Profit share is reserved to the better people, investors, execs. You don't
exist to share profit, you exist to _create_ the damn profit.

Yes, I'm exaggerating a little. But in essence that mindset is pretty much the
norm in "old economy".

------
sown
Touching on the point about risk taking makes me think of a reward I would
like to have: the privilege to take risks at work. I have some neat ideas
about our product at Large Network Vendor Inc. I'm willing to work for _free_
exploring these ideas if only I could get a few smattering resources and OK
from my boss. It might fail but it might also be a big boon to the business.
They probably don't let me because of missing business commitments costs more
than a bonus. :(

Or they could reward me with some kind of training.
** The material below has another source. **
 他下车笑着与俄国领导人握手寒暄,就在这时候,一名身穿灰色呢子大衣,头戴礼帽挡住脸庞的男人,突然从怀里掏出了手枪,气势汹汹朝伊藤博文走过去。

I dunno. Maybe this is the
same thing focusing around "this" and "that".

------
gcheong
People also acclimate quickly to whatever rewards are given and come to expect
them. Bonuses eventually become an expected and assumed part of one's salary
especially when there is no transparency as to how the bonus figures are
arrived at.

------
ganley
Not news, but bears repeating. What the post doesn't mention is that not only
are the returns on this investment zero at best, but the effects when it is
expected and not delivered are devastating to morale. More than once around
the turn of the millenium I had companies reduce or even zero the annual
bonuses for economic reasons, and it just crushes morale.

------
ahoyhere
If you found this interesting, read his book - Punished by Rewards. It's
amazing. I read it at a young age (13 maybe?) and it totally changed my life.

Here's the _real_ takeaway: in this life, almost everyone (at least in the
US?) is conditioned, on every level possible, "do that, get this." It's not
just about money, but approval, self-esteem, good grades, a place in society,
a decent life, a good relationship, healthy children.
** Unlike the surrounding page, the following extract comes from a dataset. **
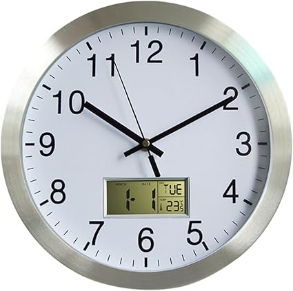 Lommer 30cm Radio Pilotee Horloge Murale Metal Pendule Murales Moderne Avec Thermometre Et Date Pour Cuisine Salon Chambre Bureau Amazon Fr Cuisine Maison
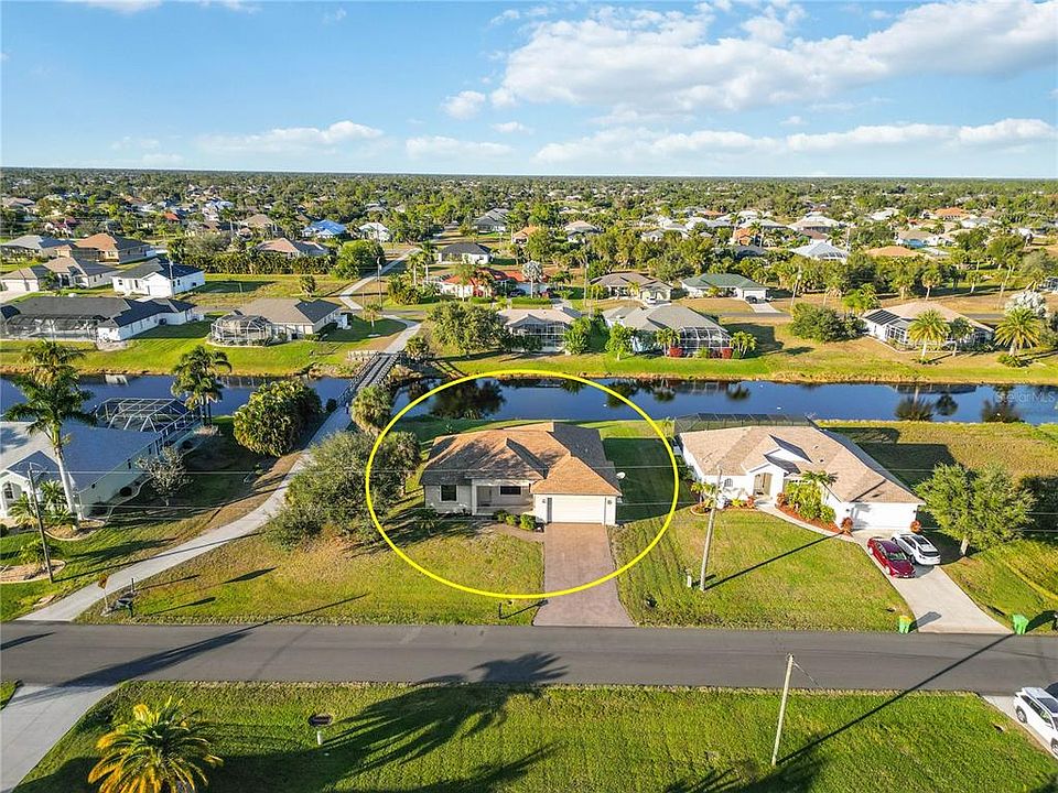 Perfectly positioned on a scenic waterway, this 2017 CUSTOM Breakwater Construction home offers the ideal layout with an ideal setting. With over 26 miles of canals throughout the community, enjoy fishing right from your own backyard, leisurely boat rides and the added sense of openness provided by the nearby golf cart bridge and walking path. From the moment you arrive you’ll appreciate the elegant painted driveway, front porch, elevation and IMPACT WINDOWS. Inside, a bright and open layout features a BRAND-NEW KITCHEN at the heart of it with stainless steel appliances, new cabinetry, and granite countertops -complemented by a FRESHLY PAINTED INTERIOR and tile throughout. Other UPGRADES include the CROWN MOLDING, COFFERED CEILINGS, and upgraded paneled interior doors. The primary suite is oversized with a big picture window for water views, large walk-in closet, access to the lanai and an ensuite bathroom featuring dual sinks, beautifully tiled Roman shower, and toilet closet. Tucked down a hallway on the opposite side are the additional two guest bedrooms and guest bathroom. Outside, there is room for relaxing on the screened in lanai with a bonus slab poured outside for grilling, gardening and soaking up the Florida sun. The low-maintenance yard is irrigated by a RECYCLED SPRINKLER SYSTEM - fed conveniently from the canal with plenty of room for a pool or added fence. Rotonda West provides an aesthetically pleasing neighborhood with low fees and convenient access to five community golf courses, a central park with playground, tennis courts, RV/boat storage and is just minutes away from the beautiful beaches of Boca Grande and Manasota Key! Schedule your showing today to experience the quality, style, and elegant Florida lifestyle this property offers!

We learn this lesson at our parents' knees, it's confirmed in school, and
cemented in employment/college education.

The only _real_ reason to do something is because you love it enough to bring
it into being. (This is not the same as "loving what you do," because the
production of outcomes you love enough to create will inevitably contain work
you aren't going to love in and of itself. Like, for example, exercise and
practice -- not always loveable. The key here is that the love is aimed at the
way you want to change the world, in whatever fashion.)

Anything else is some combination of carrot/stick -- they are flip sides of
the same coin, and neither work well, in the long run, and both lead to
burnout.

Even if you think you "have" to have pressure to produce, you don't. Even if
you think you "have" to have a business goal to create, you don't. Even if you
think you have to taunt yourself with images of what will happen if you don't
do what you "ought to," you don't.

If you can step outside this reactionary type of living model, it's amazing
what you can do.